This library implements an adapter for Gin to use lanes for logging and context.
Lanes are contexts, and provide a logging interface.
A correlation ID is logged, which is very helpful when following activity of a
single request. There are several options for log output, such as Go's standard
log
, or to disk, or to OpenSearch.
And there's a lane to test for log output, and a null lane to supress logging.
See go-lane for more details about lanes.
Instead of calling gin.Default()
, call NewGinRouter()
instead. This function
associates a parent lane with the new Gin router instance. As the router is run,
each request gets its own lane derived from the parent.

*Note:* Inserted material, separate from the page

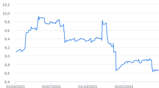
Patrimônio Líquido (R$ Milhões) - 01/04/2023 a 28/03/2024 (diária)

The request and the response can be logged by specifying one or more options to
NewGinRouter()
, such as GinLaneOptionLogRequestResult
.
If your code is making its own router via gin.New()
, call UseLaneMiddleware()
to add the lane layer to the router. It usually needs to be the first middleware
in the chain.
With the Gin Lane middleware installed in the router, the request's context becomes a lane. Handlers can access the lane instance from the request:
router.GET("/", func(c *gin.Context) {
l := c.Request.Context().(lane.Lane)
l.Infof("processing request...")
}
Because a lane instance is a context, it can also be used for cancelation of long-running requests, per the typical pattern of Go contexts.